#### [EXERCISE]
The part below that opens with the line containing "伊利【新鲜日期】谷粒多 黑谷牛奶饮品整箱 250ml*12盒 礼盒装" and closes with the line containing "Golden King tọa" should be copied exactly, minus any pictures.

[Stored items from a collection]
###

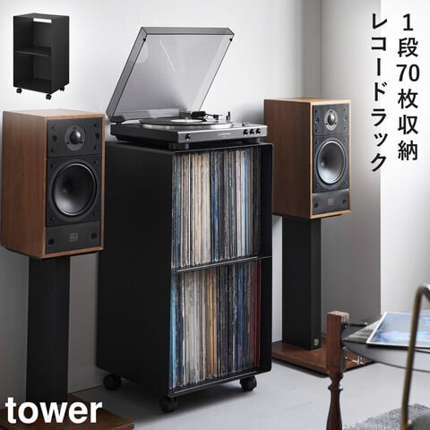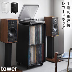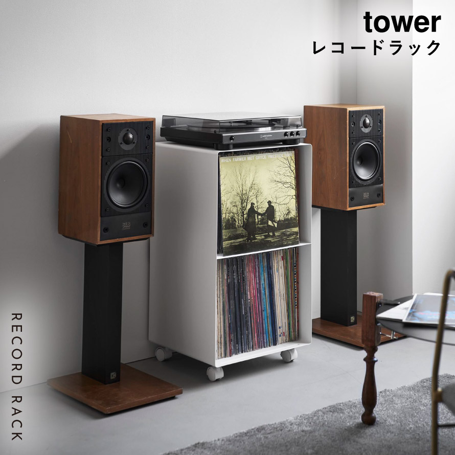 レコードラック タワー 山崎実業 tower レコードラック レコード 収納棚 キャスター付き ラック 大容量 おしゃれ モノトーン ホワイト ブラック 10229 10230
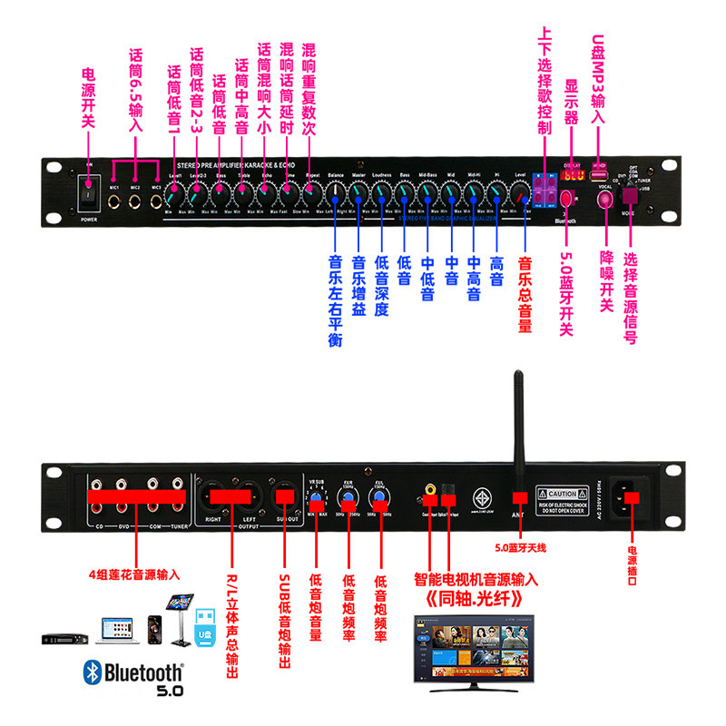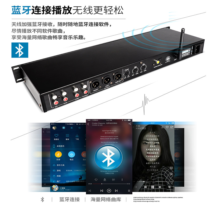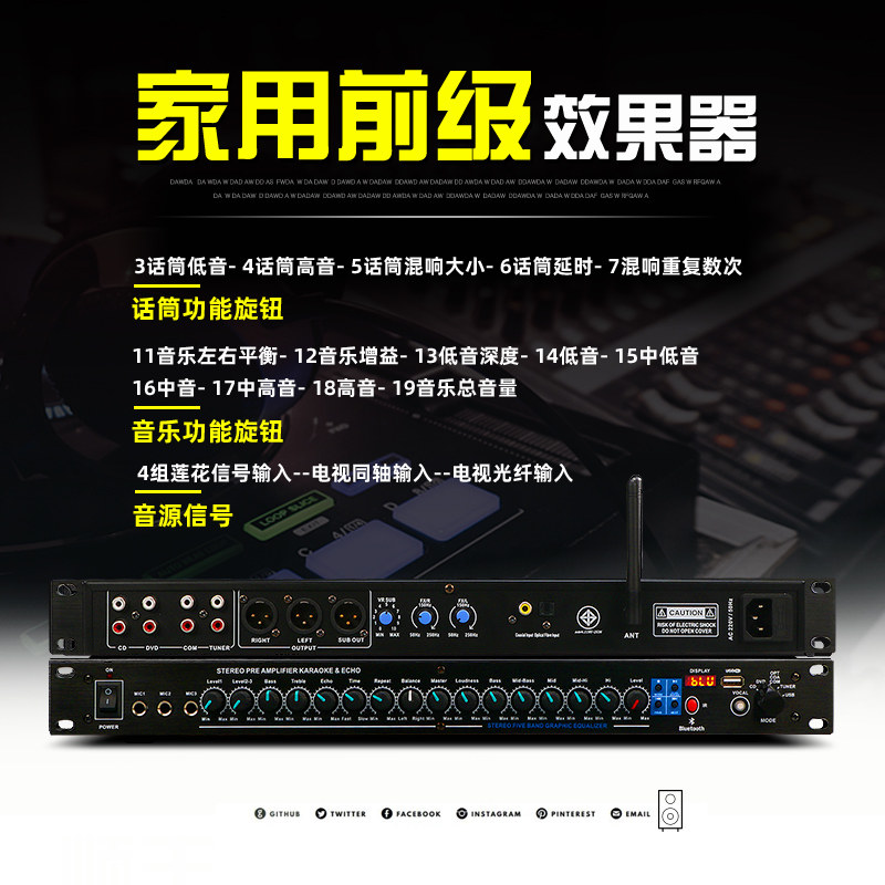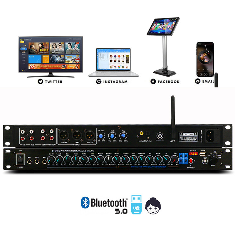 GLY Pro KTV Pre-Effect Home Karaoke Reverb Home Karaoke Anti-Acoustic Call Feedback Suppressor with Bluetooth Fiber Coaxial USB Premix Stage Microphone Microphone Meeting
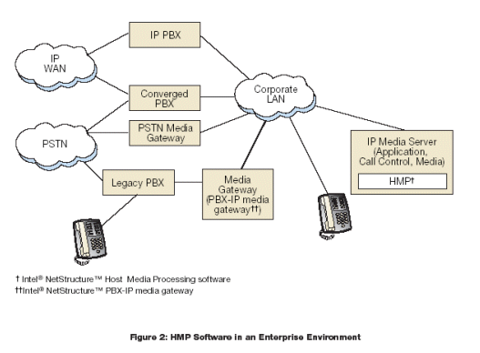 圖2表示使用HMP軟件的IP媒體服務(wù)器,部署在企業(yè)環(huán)境的例子,包括IVR,自動應(yīng)答,語音郵箱,統(tǒng)一消息,語音識別和會議服務(wù)。
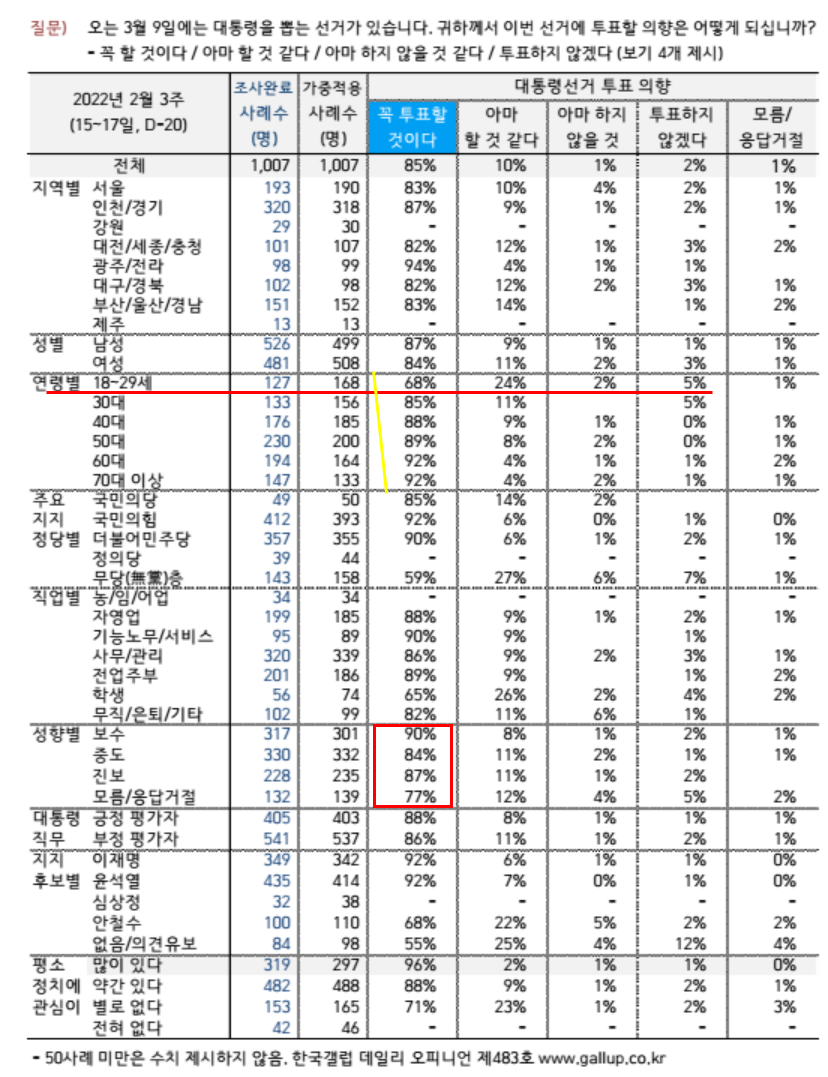 기존의 갤럽조사들과 17일 결과를 대조하면서 발견한 점은, 응답자 정치성향이다. 윤이 이를 7% 앞선 것으로 나왔으나, 갤럽 여론조사 응답자의 정치성향 분포를 고려할 때, 1위와 2위는 2~3% 차이 안팎으로 보여진다. 2월 17일 조사에서 윤석열이 7% 정도 앞섰고, 2월 10일 조사에서는 1% 정도 앞섰다. 보수층 응답자 표본이 진보층에 비해 8.8%가 많았다는 것도 고려해야 한다.
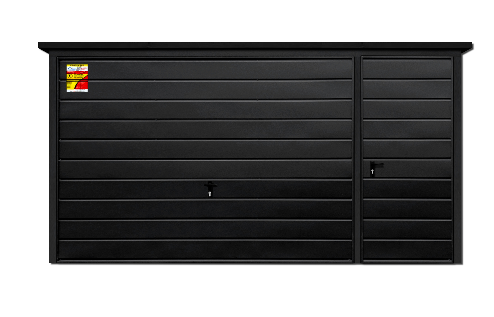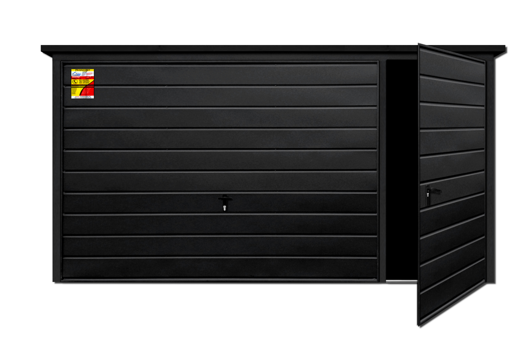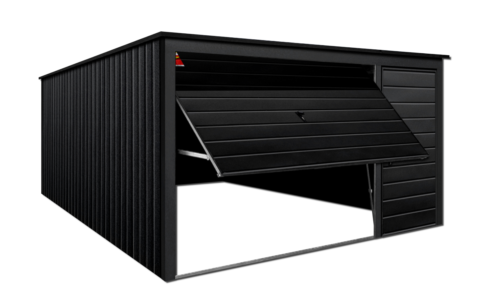 Garaż blaszany 5X4 LUX – Spad dachu do tyłu, brama uchylna, czarny mat
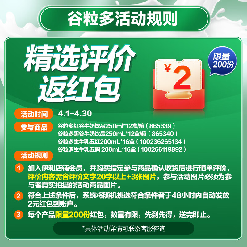 伊利【新鲜日期】谷粒多 黑谷牛奶饮品整箱 250ml*12盒 礼盒装
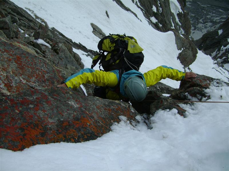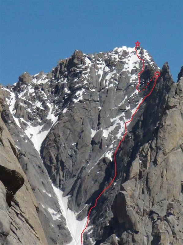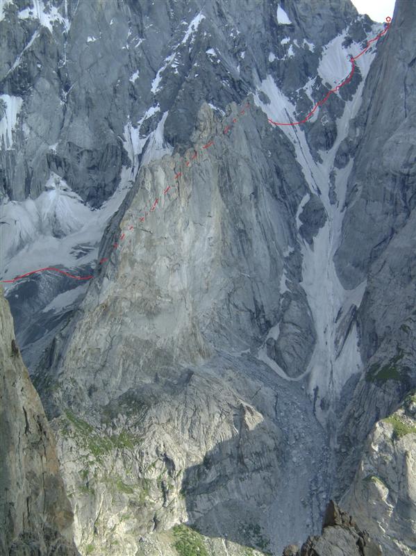 Маршрутът: „Източна стена“ 600 м, AI3, 6b, предимно 5b/c, в алпийски стил с един бивак на Българския превал. Достигането до него е 300 м лед, сняг, скални пояси, опасно (да се преминава до 8 ч сутринта). От превала нагоре 13 въжета по 50 м. Използвани са само клеми и френдове като междинни осигуровки. Оставени по два скални клина на площадките. Слизане по пътя на изкачването с 11 рапела и 80 м откатерване.
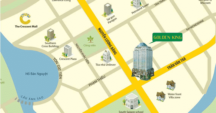 Golden King tọa lạc tại 15 Nguyễn Lương Bằng, Q.7, TP.HCM, Golden King sở hữu vị trí tâm điểm Khu đô thị Phú Mỹ Hưng, nơi được mệnh danh là Trung tâm thương mại – tài chính quốc tế sôi động nhất nhì tại TP.HCM. Có vị trí 2 mặt tiền đường và góc nhìn chính hướng ra công viên, Golden King được thừa hưởng hệ thống giao thông thuận tiện, rộng rãi và cơ sở hạ tầng vượt trội của khu vực, từ đây dễ dàng kết nối với các quận khác của thành phố chỉ trong ít phút.
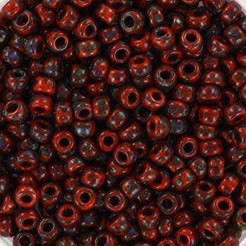 Miyuki 8 Round Seed Bead, 8-4520, Opaque Orange Picasso, 10 grams
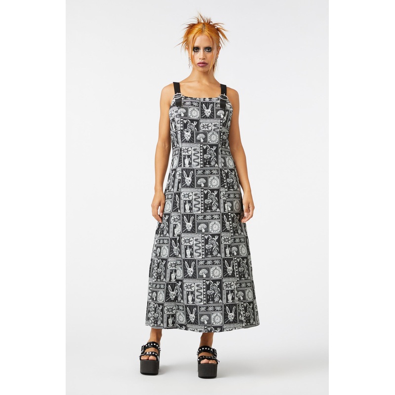 Graphic Dress- Intricate Brocade Fabric- Fitted Bust- Flared Skirt- Midi Length- Pu Fabric Straps- Lined- Made From Polyester Brocade- Available In BlackProduct Code: DGFV216
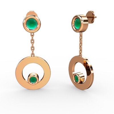 Kök zümrüt 14 ayar rose altın küpe

###

#### [WRITTEN SOLUTION]
 伊利【新鲜日期】谷粒多 黑谷牛奶饮品整箱 250ml*12盒 礼盒装
 Маршрутът: „Източна стена“ 600 м, AI3, 6b, предимно 5b/c, в алпийски стил с един бивак на Българския превал. Достигането до него е 300 м лед, сняг, скални пояси, опасно (да се преминава до 8 ч сутринта). От превала нагоре 13 въжета по 50 м. Използвани са само клеми и френдове като междинни осигуровки. Оставени по два скални клина на площадките. Слизане по пътя на изкачването с 11 рапела и 80 м откатерване.
 Golden King tọa lạc tại 15 Nguyễn Lương Bằng, Q.7, TP.HCM, Golden King sở hữu vị trí tâm điểm Khu đô thị Phú Mỹ Hưng, nơi được mệnh danh là Trung tâm thương mại – tài chính quốc tế sôi động nhất nhì tại TP.HCM. Có vị trí 2 mặt tiền đường và góc nhìn chính hướng ra công viên, Golden King được thừa hưởng hệ thống giao thông thuận tiện, rộng rãi và cơ sở hạ tầng vượt trội của khu vực, từ đây dễ dàng kết nối với các quận khác của thành phố chỉ trong ít phút.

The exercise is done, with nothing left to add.